Nesse momento, o empresário careca que a havia notado se aproximou com uma taça de vinho. “Pequena beleza, eu vou para a Universidade Imperial de qualquer jeito. Mais tarde posso te levar de volta.”
Jiang Ranran olhou para quem falava: era gordo, careca e de cara sebosa.
Um traço de repulsa brilhou em seus olhos, mas ela ainda respondeu com educação: “Não precisa, eu volto de táxi.”
O empresário careca soltou uma risada zombeteira e tirou um cartão de visitas para lhe entregar. “Então, da próxima vez que houver oportunidade, vamos jantar juntos.”
————
“Jiyan, cheguei. Desça.”
Yin Luoyan enviou a mensagem de voz para Li Jiyan, com as mãos alvas repousando de leve no volante.
Era um grande utilitário branco, um modelo de edição mundial limitada a vinte unidades; para pôr um carro desses na rua, o valor era de cerca de vinte milhões.
A carroceria alta e elegante chamava atenção de forma irresistível, mesmo do lado de fora de um hotel tão luxuoso.
Não eram poucos os que lançavam olhares para dentro, mas o vidro só estava aberto numa fresta mínima, insuficiente para que alguém visse o rosto de quem estava lá.
Esse carro fora enfiado à força por Li Jiyan nas mãos de Yin Luoyan, e ficava na villa que ele comprara para ela em Jingdu.
Ela dissera claramente que não o tiraria para rodar, mas Li Jiyan respondeu que, quando fosse buscá-lo dali em diante, ela deveria sempre vir nesse carro.
Assim como em Yangcheng: quando bebesse, faria com que ela fosse buscá-lo.
Jiang Ranran acabou não ficando muito tempo no banquete, porque não teve outra oportunidade de se aproximar de Li Jiyan.
Ela também sabia que, mesmo sem conseguir fazer Li Jiyan se interessar por ela, não podia deixar uma péssima impressão logo de início.
Ainda haveria outras chances no futuro.
Por isso, desceu para pegar um táxi e voltar para casa.
Mas, ao chegar ao térreo, viu um carro branco e seus olhos se encheram de surpresa por um instante.
Seria algum herdeiro rico vindo buscar alguém?
O pai dela queria muito aquele modelo, mas jamais conseguiu comprá-lo; primeiro porque era caro demais, segundo porque era difícil de conseguir.
Ela se escondeu atrás de uma coluna, tirou uma foto do carro e não foi embora de imediato. Ficou observando, querendo ver quem sairia daquele veículo.
Do outro lado, Li Jiyan retirou o celular da orelha e o segurou casualmente na palma da mão.
Todos gostavam de chamá-lo respeitosamente de Segundo Mestre; só a pequena criatura o chamava sempre pelo nome, com uma voz tão suave e doce que parecia derreter até os ossos.
“Eu já vou indo.” Li Jiyan se levantou, a voz serena.
No instante em que se ergueu, todos os que estavam sentados também se levantaram.
Li Ziming disse: “Ah? O tio vai embora tão cedo? Eu ainda queria dizer que, daqui a pouco, poderíamos trocar de lugar e ir nos divertir em outro canto.”

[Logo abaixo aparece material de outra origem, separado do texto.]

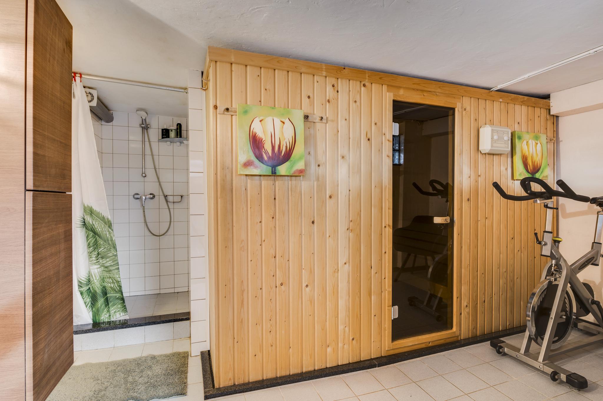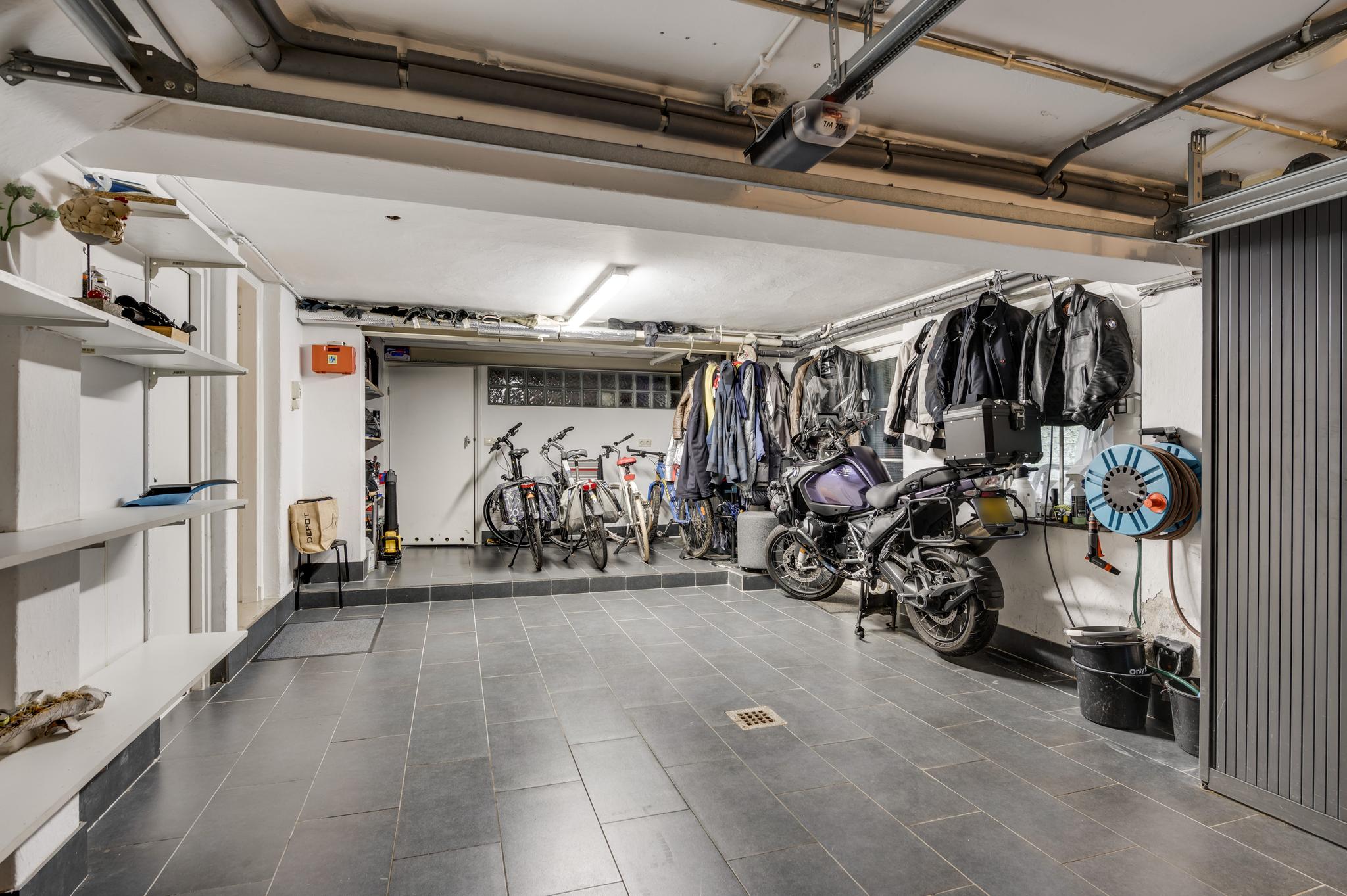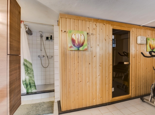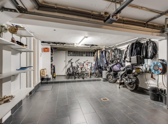 Aan de zijkant van de woning is er een eigen ingang naar het souterrain, waar u binnenkomt in een hal die toegang geeft tot drie multifunctionele ruimtes. Deze kamers, met laminaatvloer, zijn ideaal als praktijkruimte, hobbyruimte of voor andere doeleinden. Hier vindt u ook een volledig betegeld toilet en toegang tot de tuin en de inpandige garage. De garage heeft een tegelvloer en sectionaalpoort en geeft toegang tot een ontspannende sauna met douche. Daarnaast zijn er op deze verdieping een handige provisiekelder, cv-ruimte en een waskelder aanwezig.
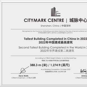 2022年10月26日,CTBUH2022全球大会于深圳城脉中心开幕。大会上,CTBUH正式认证城脉中心为“2022年中国建成最高建筑”“2022年世界建成第二高建筑”,并在全场嘉宾的见证下举办了揭牌仪式。
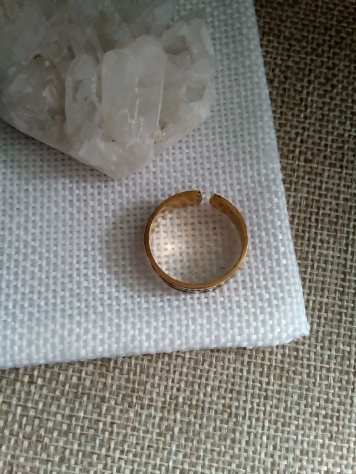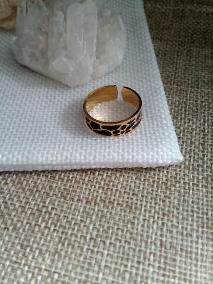 Bague en acier inoxydable doré et noir - photo numéro 1
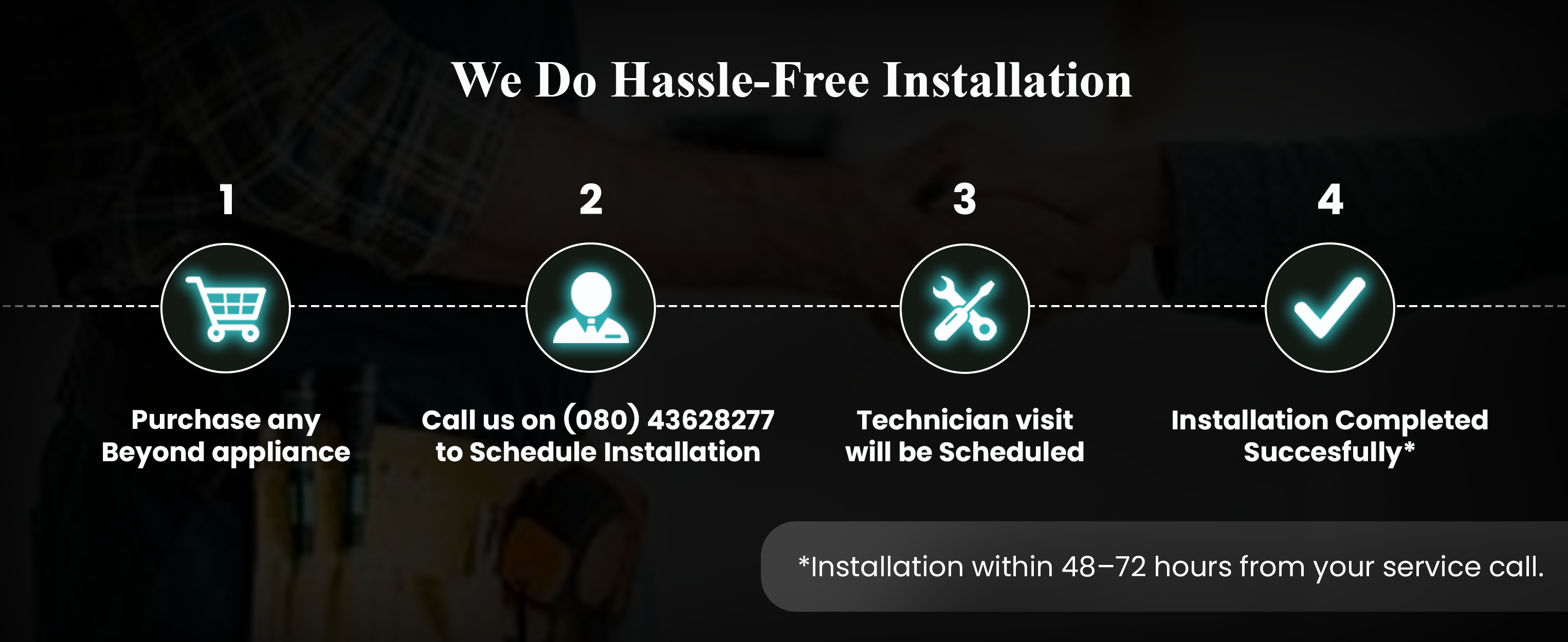 Beyond Appliances provides swift and reliable service across 20,000 locations, ensuring assistance within 48 hours in major cities and towns. Since our products are manufactured in India, all components are readily available, enabling faster repairs and maintenance for a seamless customer experience.

Li Jiyan olhou para ele, estendeu a mão e bagunçou seu cabelo meio azul, meio cinza. “Mude essa cor. Que aparência é essa?”
Li Ziming fez um beicinho. “Você não entende, isso se chama moda. Tio, não vai embora agora? Podemos trocar de lugar direto.”

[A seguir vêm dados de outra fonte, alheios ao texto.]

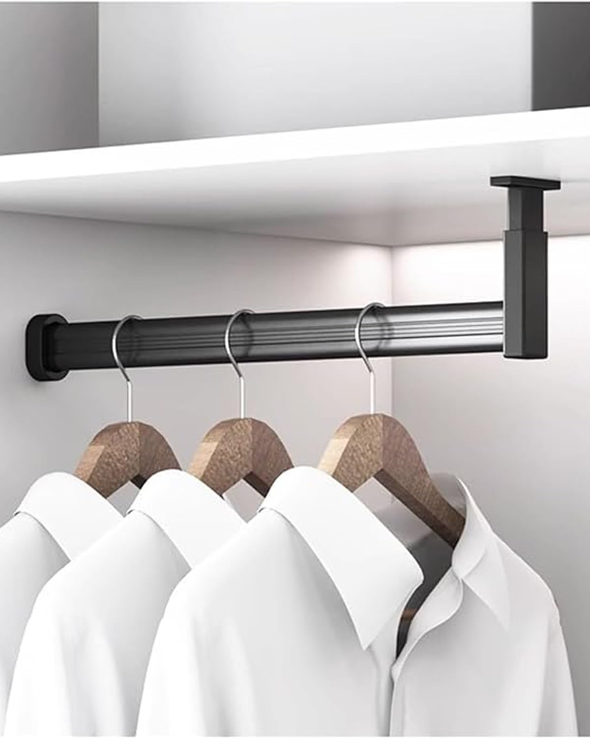 Schluss mit chaotischen Kleiderschränken! Diese ENHEN Kleiderstange in L-Form ist total praktisch - höhenverstellbar von 30 bis 140 cm, passt in fast jeden Schrank. Aus robuster Aluminiumlegierung, hält bis zu 50 kg! Mit rutschfesten Gummistreifen - deine Kleidung fällt nicht runter. Einfach zu montieren: Flansch anschrauben, Stange rein, fertig! Kann bei Bedarf mit Metallsäge gekürzt werden. In schwarz, weiß oder gold erhältlich - passt zu jedem Einrichtungsstil. Perfekt für Mäntel, Anzüge oder schwere Winterkleidung. Auch super für Badezimmer oder als Raumteiler. Endlich alles ordentlich aufhängbar und griffbereit! Einfach installieren und sich über den aufgeräumten Schrank freuen.
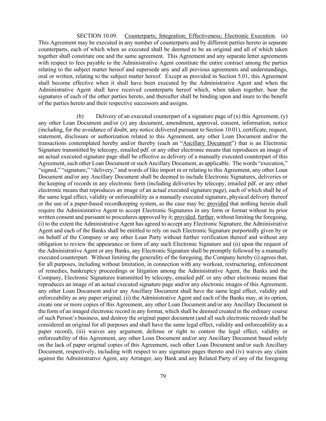 79 SECTION 10.09. Counterparts; Integration; Effectiveness; Electronic Execution. (a) This Agreement may be executed in any number of counterparts and by different parties hereto in separate counterparts, each of which when so executed shall be deemed to be an original and all of which taken together shall constitute one and the same agreement. This Agreement and any separate letter agreements with respect to fees payable to the Administrative Agent constitute the entire contract among the parties relating to the subject matter hereof and supersede any and all previous agreements and understandings, oral or written, relating to the subject matter hereof. Except as provided in Section 5.01, this Agreement shall become effective when it shall have been executed by the Administrative Agent and when the Administrative Agent shall have received counterparts hereof which, when taken together, bear the signatures of each of the other parties hereto, and thereafter shall be binding upon and inure to the benefit of the parties hereto and their respective successors and assigns. (b) Delivery of an executed counterpart of a signature page of (x) this Agreement, (y) any other Loan Document and/or (z) any document, amendment, approval, consent, information, notice (including, for the avoidance of doubt, any notice delivered pursuant to Section 10.01), certificate, request, statement, disclosure or authorization related to this Agreement, any other Loan Document and/or the transactions contemplated hereby and/or thereby (each an “Ancillary Document”) that is an Electronic Signature transmitted by telecopy, emailed pdf. or any other electronic means that reproduces an image of an actual executed signature page shall be effective as delivery of a manually executed counterpart of this Agreement, such other Loan Document or such Ancillary Document, as applicable. The words “execution,” “signed,” “signature,” “delivery,” and words of like import in or relating to this Agreement, any other Loan Document and/or any Ancillary Document shall be deemed to include Electronic Signatures, deliveries or the keeping of records in any electronic form (including deliveries by telecopy, emailed pdf. or any other electronic means that reproduces an image of an actual executed signature page), each of which shall be of the same legal effect, validity or enforceability as a manually executed signature, physical delivery thereof or the use of a paper-based recordkeeping system, as the case may be; provided that nothing herein shall require the Administrative Agent to accept Electronic Signatures in any form or format without its prior written consent and pursuant to procedures approved by it; provided, further, without limiting the foregoing, (i) to the extent the Administrative Agent has agreed to accept any Electronic Signature, the Administrative Agent and each of the Banks shall be entitled to rely on such Electronic Signature purportedly given by or on behalf of the Company or any other Loan Party without further verification thereof and without any obligation to review the appearance or form of any such Electronic Signature and (ii) upon the request of the Administrative Agent or any Banks, any Electronic Signature shall be promptly followed by a manually executed counterpart. Without limiting the generality of the foregoing, the Company hereby (i) agrees that, for all purposes, including without limitation, in connection with any workout, restructuring, enforcement of remedies, bankruptcy proceedings or litigation among the Administrative Agent, the Banks and the Company, Electronic Signatures transmitted by telecopy, emailed pdf. or any other electronic means that reproduces an image of an actual executed signature page and/or any electronic images of this Agreement, any other Loan Document and/or any Ancillary Document shall have the same legal effect, validity and enforceability as any paper original, (ii) the Administrative Agent and each of the Banks may, at its option, create one or more copies of this Agreement, any other Loan Document and/or any Ancillary Document in the form of an imaged electronic record in any format, which shall be deemed created in the ordinary course of such Person’s business, and destroy the original paper document (and all such electronic records shall be considered an original for all purposes and shall have the same legal effect, validity and enforceability as a paper record), (iii) waives any argument, defense or right to contest the legal effect, validity or enforceability of this Agreement, any other Loan Document and/or any Ancillary Document based solely on the lack of paper original copies of this Agreement, such other Loan Document and/or such Ancillary Document, respectively, including with respect to any signature pages thereto and (iv) waives any claim against the Administrative Agent, any Arranger, any Bank and any Related Party of any of the foregoing
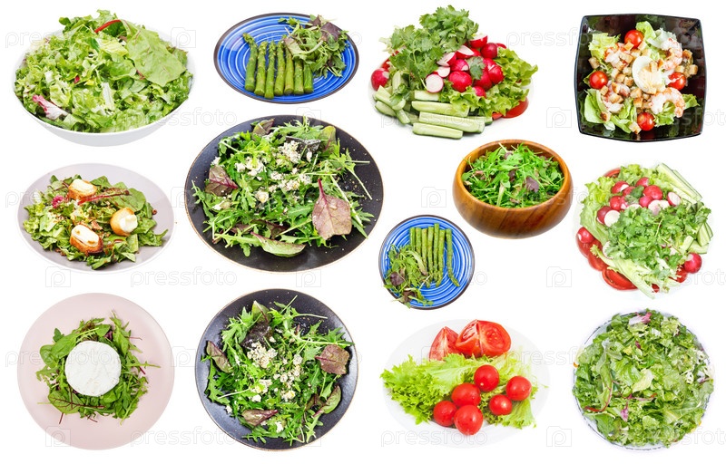 Набор различных свежих салатов из листовых овощей
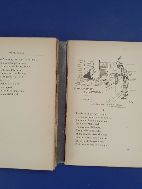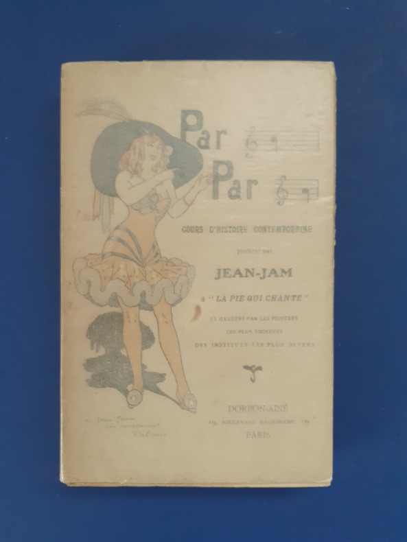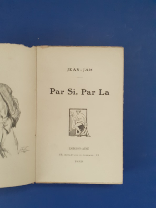 Broché, premier plat illustré en couleurs, sans date, charmante et rare publication, recueil de vers et chansons illustrés en noir et blanc, avec tampon de l'auteur "Jean-Jam" au faux titre. A relier, en l'état
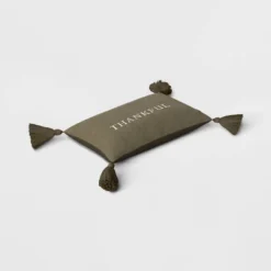 Thankful Embroidered Herringbone Lumbar Throw Pillow Dark Green – Threshold™
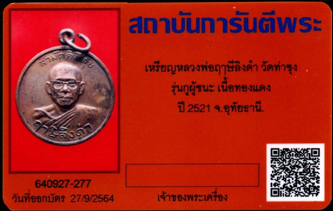 เหรียญหลวงพ่อฤาษีลิงดำ วัดท่าซุง รุ่นกูผู้ชนะ เนื้อทองแดง ปี2521 พร้อมบัตรรับรองG-pra เล่นหาได้อย่างสบายใจครับ |

Alguns empresários ao redor concordaram em coro.
“Segundo Mestre, ainda é cedo, só passam das dez. O bar Bársia lançou um vinho novo, já reservei uma garrafa. Quer ir provar?”
“Segundo Mestre, é isso mesmo, você já está há muito tempo sem voltar a Jingdu. Agora surgiram muitas novidades e coisas da moda.”
Os olhos cor de âmbar de Li Jiyan percorreram a multidão, e sua voz saiu casual, despreocupada: “Não. Minha pequena veio me buscar. Divirtam-se à vontade.”